DSM takes on purification tech

Netherlands-based DSM has invested an undisclosed sum in Danish purification technology company Upfront Chromatography to boost its protein separation business.

DSM will be looking to capitalise on Upfront's proprietary purification platform Rhobust.

Rhobust focuses on two main application areas - the recovery and purification of monoclonal antibodies, therapeutic proteins and other biomolecules from blood plasma or bioreactors, and the isolation of functional proteins and other biomolecules for use as food ingredients, industrial enzymes, nutraceuticals and healthcare products.
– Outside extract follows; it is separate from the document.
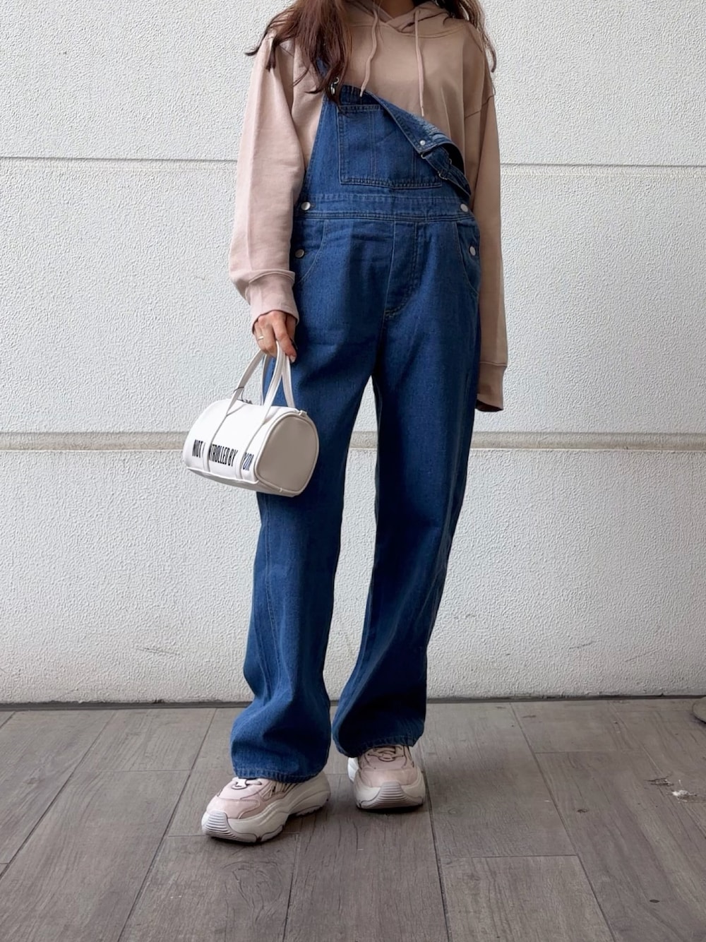 子供っぽくなりがちなサロペットは、大きすぎずスッキリとしたシルエットや長めのレングスで大人っぽく着ていただけます。

DSM said in a statement: "The downstream processing platform developed by Upfront is of great potential to contribute to all biotechnology-derived products from DSM."

The recent success of DSM in biopharmaceutical production has led to what the company called a "significant urgency" to develop more efficient purification methods for monoclonal antibodies and other biopharmaceutical proteins.

"Upfront is at the forefront of technological breakthroughs in downstream processing.

Through our investment we want to support further developments in the company which will benefit both DSM and Upfront," DSM pharmaceutical products chief executive Leendert Staal said in a statement.

The Rhobust technology relies on the Expanded Bed Adsorption Principle which allows the chromatography beads to fluidise in the feed stream which is pumped at low pressure.

The expanded bed allows impurities to pass through the system freely and eliminates pre-filtration steps of packed-bed implementations.

The beads used in the Rhobust technology are made from agarose polymers.

In addition to the investment, DSM and Upfront have signed a collaboration agreement with the aim of further developing the Rhobust technology for the purification of monoclonal antibodies.

Upfront Chromatography develops and manufactures innovative products and technologies for extraction and recovery of biotherapeutics, functional biomolecules, macromolecular complexes, and living cells, directly from bioreactors and industrial side-streams.

DSM is joined in this investment round by financial investors InnovationsKapital and NBGI Ventures.

A spokesman from DSM was unavailable for comment at time of publishing.